■ What to produce:
Transcribe every entry exactly, leaving out any pictures.

■ Given records:
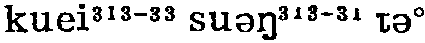 龟孙子gui1sun1zi3(名)王八羔子(骂人语):要是早有你这个技术员,我们也不得遭他~县农机厂敲这么大的棒棒啰!(收85·1·7) 龟孙子二2821①名王八羔子(骂人的话)。西南官话。四川成都〖 〗。1985年第1期《收获》:「要是早有你这个技术员,我们也不得遭他~县农机厂敲这么大的棒棒啰!」②名遇事畏缩的人。晋语。山西忻州〖 〗。吓得他~式的似的。山西定襄〖 〗。③名指妻子有外遇的男人。晋语。山西忻州〖 〗。   龟孙子guīsūnzǐ义同“龟儿子”,用于骂人。李黎《梦境》:“我那个挂名姐夫~硬是做得出来,把我两口破箱子扔到大门外去。”|李佩甫《无边无际的早晨》:“那年冬天,王集乡的计划生育工作受到了县里的严厉批评。县委书记大老王在全县干部大会上点了王集乡的名,并当场撤销了乡党委副书记老黄的职务。王集乡的干部一个个像~似的耷拉着头,而后扛着‘黑旗’回乡。” |
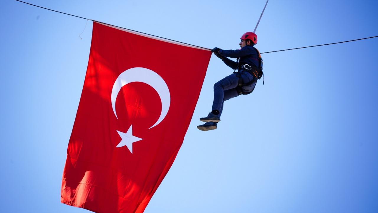 Gösterilerin ikinci bölümünde ise vinç yardımıyla yükseğe çıkan bir itfaiye personeli, Türk bayrağını ip düzenekle binanın cephesine asarak açtı.
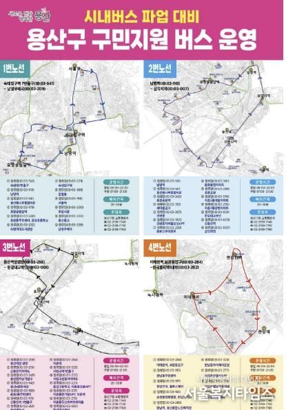 용산구 관계자는 “시내버스 파업으로 교통 혼잡과 이동 불편이 발생하고 있는 만큼, 마을버스와 지하철 이용, 승용차 함께 타기 등 교통 수요 분산에 구민 여러분의 적극적인 협조를 부탁드린다”라고 말했다.
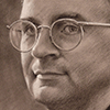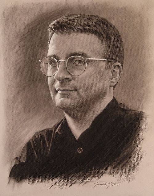 Description: A charcoal head and shoulders portrait drawing of Navy Commander Curtis. He is wearing glasses and a black shirt.
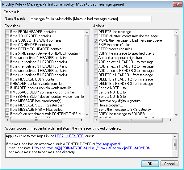MDaemon can perform these actions if a message matches the rule's conditions. A few Actions will require additional information that you will specify by clicking on the Action's hyperlink in the Rule Description box.
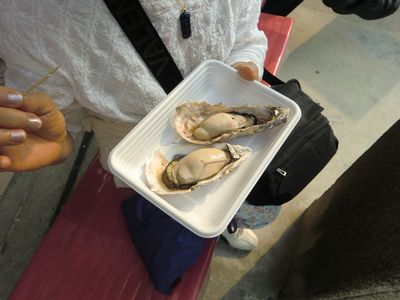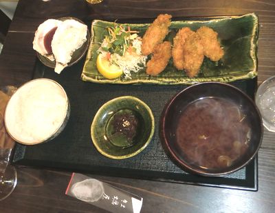 ![]() ![]() 夕食はホテルではなくみやげ物屋のそばの「牡蠣専門店」で「焼き牡蠣と牡蠣フライ」です。
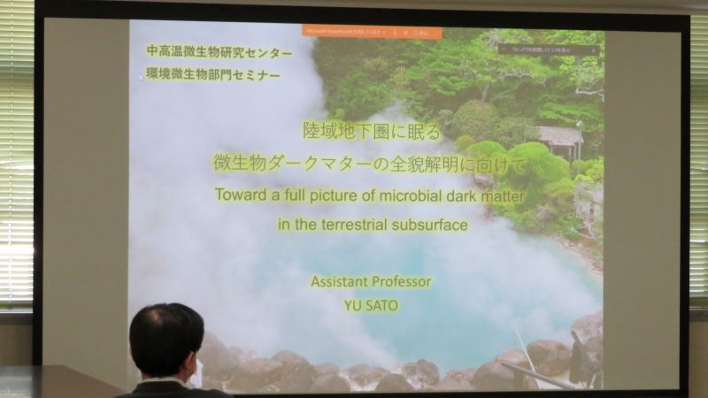 続いて、山口大学中高温微生物研究センターの佐藤悠先生から「陸域地下圏に眠る微生物ダークマターの全貌解明に向けて(Toward a full picture of microbial dark matter in the terrestrial subsurface)」と題して特別講演をいただいた。

■ Result of the task:
 龟孙子gui1sun1zi3(名)王八羔子(骂人语):要是早有你这个技术员,我们也不得遭他~县农机厂敲这么大的棒棒啰!(收85·1·7) 龟孙子二2821①名王八羔子(骂人的话)。西南官话。四川成都〖 〗。1985年第1期《收获》:「要是早有你这个技术员,我们也不得遭他~县农机厂敲这么大的棒棒啰!」②名遇事畏缩的人。晋语。山西忻州〖 〗。吓得他~式的似的。山西定襄〖 〗。③名指妻子有外遇的男人。晋语。山西忻州〖 〗。   龟孙子guīsūnzǐ义同“龟儿子”,用于骂人。李黎《梦境》:“我那个挂名姐夫~硬是做得出来,把我两口破箱子扔到大门外去。”|李佩甫《无边无际的早晨》:“那年冬天,王集乡的计划生育工作受到了县里的严厉批评。县委书记大老王在全县干部大会上点了王集乡的名,并当场撤销了乡党委副书记老黄的职务。王集乡的干部一个个像~似的耷拉着头,而后扛着‘黑旗’回乡。” |
 Gösterilerin ikinci bölümünde ise vinç yardımıyla yükseğe çıkan bir itfaiye personeli, Türk bayrağını ip düzenekle binanın cephesine asarak açtı.
 용산구 관계자는 “시내버스 파업으로 교통 혼잡과 이동 불편이 발생하고 있는 만큼, 마을버스와 지하철 이용, 승용차 함께 타기 등 교통 수요 분산에 구민 여러분의 적극적인 협조를 부탁드린다”라고 말했다.
 Description: A charcoal head and shoulders portrait drawing of Navy Commander Curtis. He is wearing glasses and a black shirt.
MDaemon can perform these actions if a message matches the rule's conditions. A few Actions will require additional information that you will specify by clicking on the Action's hyperlink in the Rule Description box.
 ![]() ![]() 夕食はホテルではなくみやげ物屋のそばの「牡蠣専門店」で「焼き牡蠣と牡蠣フライ」です。
 続いて、山口大学中高温微生物研究センターの佐藤悠先生から「陸域地下圏に眠る微生物ダークマターの全貌解明に向けて(Toward a full picture of microbial dark matter in the terrestrial subsurface)」と題して特別講演をいただいた。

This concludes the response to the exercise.